Carofalo ha quindi ragione anche quando dice che “nel resto d’Europa le proporzioni sono molto diverse e c’è spazio per mediatori culturali, assistenti sociali, psicologi, formatori”.
La formazione
L’ultima affermazione da verificare è che “oggi solo il 3 o 4 per cento delle persone che sono in carcere seguono un percorso di formazione” e “il restante 96-97 per cento si ritroverà in condizioni peggiori di quelle di partenza, perché oltre alle sue difficoltà di partenza si somma il fatto di essere stato escluso dalla società civile per tanto tempo”.
Nell’articolo 27 della Costituzione è scritto che “le pene […] devono tendere alla rieducazione del condannato”. Che attività di formazione e supporto socio-educativo siano fondamentali per ridurre la recidiva è peraltro ritenuto fondamentale dallo stesso governo: nella Nota integrativa alla Legge di Bilancio 2017 è precisato che “attività finalizzate alla riduzione della recidiva e realizzazione di politiche attive di reinserimento e di diffusione della cultura della legalità” siano un obiettivo strategico per quanto riguarda sia i minori in carcere sia chi stia scontando una pena esterna al carcere.

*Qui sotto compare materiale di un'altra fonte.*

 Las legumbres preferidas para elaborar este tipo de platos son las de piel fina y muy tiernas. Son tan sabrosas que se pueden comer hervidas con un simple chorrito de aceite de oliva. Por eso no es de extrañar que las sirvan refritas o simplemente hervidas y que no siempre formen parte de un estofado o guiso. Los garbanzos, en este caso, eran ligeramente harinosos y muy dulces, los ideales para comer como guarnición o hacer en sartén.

Gli ultimi dati relativi alla formazione in carcere li fornisce il Dap, e sono riferiti al secondo semestre del 2017. I detenuti che al 31 dicembre 2017 frequentavano corsi di formazione professionale erano il 3,79 per cento (2.184 persone su 57.608 presenti nelle carceri italiane), in crescita rispetto al 2,49 per cento dell’anno prima ma in netto calo rispetto a dieci anni prima (5,75 per cento nel 2007) o venti anni prima (6,98 per cento nel 1997).

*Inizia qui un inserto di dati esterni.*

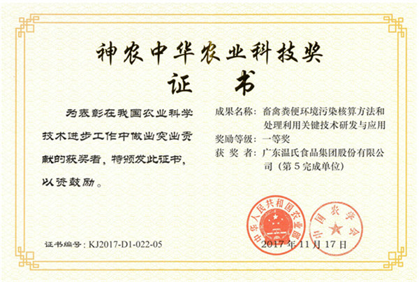 • 神农中华农业科技奖一等奖-尊龙凯时股份《畜禽粪便情形污染核算要领和处置惩罚使用要害手艺研究与应用》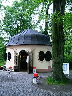- ↑ Wg tablicy informacyjnej przy pawilonie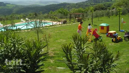 Dit appartement voor 4 personen bevindt zich op 1e verdieping. Binnen is het comfortabel en warm ingericht in Toscaanse stijl, met natuursteen, balkenplafonds en cotto vloeren. Het woongedeelte beschikt over een tweepersoonsslaapbank, satelliet-tv en een keuken die is uitgerust met een 4-pits kookplaat, koelkast, vaatwasser, magnetron en een filterkoffiezetapparaat. Er zijn 2 tweepersoonsslaapkamers waarvan 1 op de 2e verdieping met een klein privé balkon. Er is een badkamer met bad, douche, toilet en bidet. Het appartement heeft een klein balkon en een groot balkon met tuinmeubilair. Het gebruik van de slaapbank is mogelijk tegen een toeslag. Op het terrein ligt een ruim zwembad met zonneterras, ligbedden, parasols en een gezamenlijke barbecue. Voor jonge kinderen zijn er enkele speeltoestellen aanwezig. Voor extra ontspanning kun je tegen betaling gebruikmaken van de kleine ontspanruimte met whirlpool, Turks bad en fitnesshoek.

Ha quindi ragione Carofalo quando sostiene che “oggi solo il 3 o 4 per cento delle persone che sono in carcere seguono un percorso di formazione”, se si riferisce alla formazione professionale.

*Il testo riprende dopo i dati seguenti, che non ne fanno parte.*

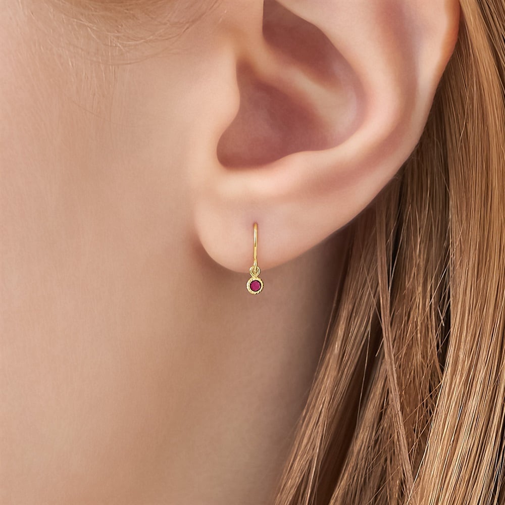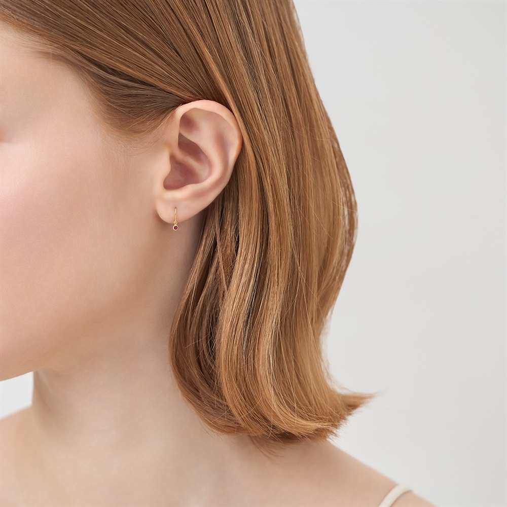 はみがき、着替え、今日のピアス -EARFLOW-自分仕様にカスタマイズ 選ぶ楽しさをその手に-CUSTOM FIT-K10イエローゴールドの地金に、鮮やかなレッドが目を惹くルビーをあしらったアメリカンピアス。ミル打ちをほどこしたクラシカルなかたちのフレームの中でルビーが揺れ、顔周りを華やかに彩ります。「情熱」や「深い愛情」の意味を持つといわれる、7月誕生石ルビーを配したジュエリーは、大切なひとへのギフトやご自身のお守りとしてもおすすめです。※天然石・天然素材を使用しているため、実際の色味や風合いが異なる場合がございます。【同コレクションのアイテムはこちら】

Sarebbe però più corretto considerare “percorso di formazione” anche quello scolastico, soprattutto se si pensa che, dei detenuti presenti nelle carceri italiane (58.087 al 31 gennaio 2018), circa un terzo sono di origine straniera (19.818), e dunque potrebbero avere un livello di conoscenza dell’italiano non sufficiente, ad esempio, a sostenere corsi di formazione. Non è un caso che nell’anno 2016/2017 erano 5.719 i detenuti che frequentavano corsi di “alfabetizzazione e apprendimento dell’italiano”, secondo i dati forniti dal Dap.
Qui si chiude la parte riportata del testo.